Thursday, January 05, 2012

A Midsummer Night's Dream

I read this play for about the seventh time and realized that I have nothing to say about this play because it doesn't surprise me anymore. Or maybe I have too much to say about it and don't know how to filter it down to what's important.

So I'll go ahead and compare it with Romeo and Juliet, a play written around the same time as Midsummer. Both seem to be "about" the madness of love, as it were; Midsummer has a comic resolution, and R&J a tragic. But in both plays the illogic of the lovers' choices and/or actions is made clear. Romeo is hasty and desperate; Juliet has no discretion, choosing Romeo over Paris. The lovers in Midsummer act hastily, escaping from Athens into the woods at night; and we have two male lovers who, for all intents and purposes, are the same person--the moody, dreaming lover.

In both plays there are themes of parental choice vs. personal choice in love. Romeo and Juliet cannot marry because of their feuding families; Juliet's father forces her to accept Paris, whom she does not love. Hermia and Lysander are forbidden to marry, because Egeus has already given his daughter's hand to Demetrius. In the play-within-a-play, Pyramus and Thisbe face almost the same problem as Romeo and Juliet, with similarly tragic consequences.

But both plays also seem to highlight the idea that accidents, or fate, can be just as powerful as human choice. In R&J, the lovers make Plan A, Plan B, and Plan C, scrapping each plan as new circumstances take shape. But despite all their planning (and all their conspirators helping them along the way), accidents line up so that they each needlessly commit suicide. In Midsummer, the lovers make their choices and swear up and down that they will have none other than their chosen love--and then fate, in the form of fairy king Oberon and his servant Puck, show how arbitrary and circumstantial those choices are as they trick Lysander and Demetrius into falling in love with the "other" woman (cf. Daileader). Titania undergoes an even more embarrassing magical transformation, falling in love with someone not only arbitrary but embarrassing.
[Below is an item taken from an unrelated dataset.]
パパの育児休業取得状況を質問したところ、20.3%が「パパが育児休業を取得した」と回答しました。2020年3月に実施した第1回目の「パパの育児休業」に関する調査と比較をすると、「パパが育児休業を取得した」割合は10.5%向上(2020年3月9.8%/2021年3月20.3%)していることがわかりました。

It seems like the theme seems to be, in both plays, that love makes fools of us all. And love is a force of danger. Not only Romeo and Juliet, but also Paris, die for love in R&J; in Midsummer, tragic events are barely forestalled because Lysander and Demetrius definitely want to kill each other and Helena and Hermia fight it out as well. Hermia herself is under sentence of death from the beginning of the play as Athenian law stipulates that if she does not comply with her father's wish, she can be killed. And let's not forget the violence inherent in the relationship between Theseus and Hippolyta: "I wooed thee with my sword and won thy love doing thee injuries" indeed! And when love goes wrong, as it has between Titania and Oberon, seasons, crops, weather patterns are affected--the entire natural world is under siege.

But in each play, love is also a restorative force. After Romeo and Juliet's deaths, the Capulets and the Montagues stop their vicious fighting. After the love-spells have worn off, each lover is with his or her appropriate beloved. Three nuptials are celebrated and a fourth, the reconciled Titania and Oberon, crown them all with fairy blessing that restores everything to the natural order. And this paradoxical nature of love--its destructive AND restorative powers--are referenced in both plays.
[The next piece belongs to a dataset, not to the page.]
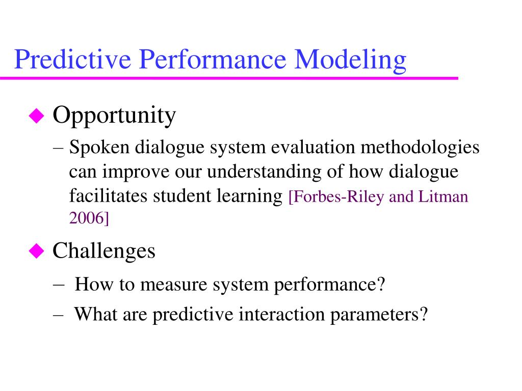 Predictive Performance Modeling • Opportunity • Spoken dialogue system evaluation methodologies can improve our understanding of how dialogue facilitates student learning [Forbes-Riley and Litman 2006] • Challenges • How to measure system performance? • What are predictive interaction parameters?

The fairy presence is also an interesting through-line. I'm not sure I really "get" Mercutio's entire Queen Mab speech. I see why it's interesting and I understand what he's saying, but I don't really know why it's there (unless as a way for good ol' $hakespeare to show off his versifying). But I heard some really cool Mab resonances in the description of Puck that is given; he is also known for creating mischief and illusions, for playing tricks on people.

Midsummer is a typical comedy in its multiplicity of plots, whereas R&J follows one plot. There is more low-class humor in Midsummer as well; the only lower-class citizen in R&J who seems fully integrated into the plot is the Nurse. She and Bottom have a lot in common, though; both garrulous story-tellers who are, in some ways, the "heart" of the play.

Finally, both plays employ lush love poetry and lots of rhyming dialogue. I'm partial to the poetry of Midsummer, though, because it is so full of flowers and plants and the moon. It is just lovely!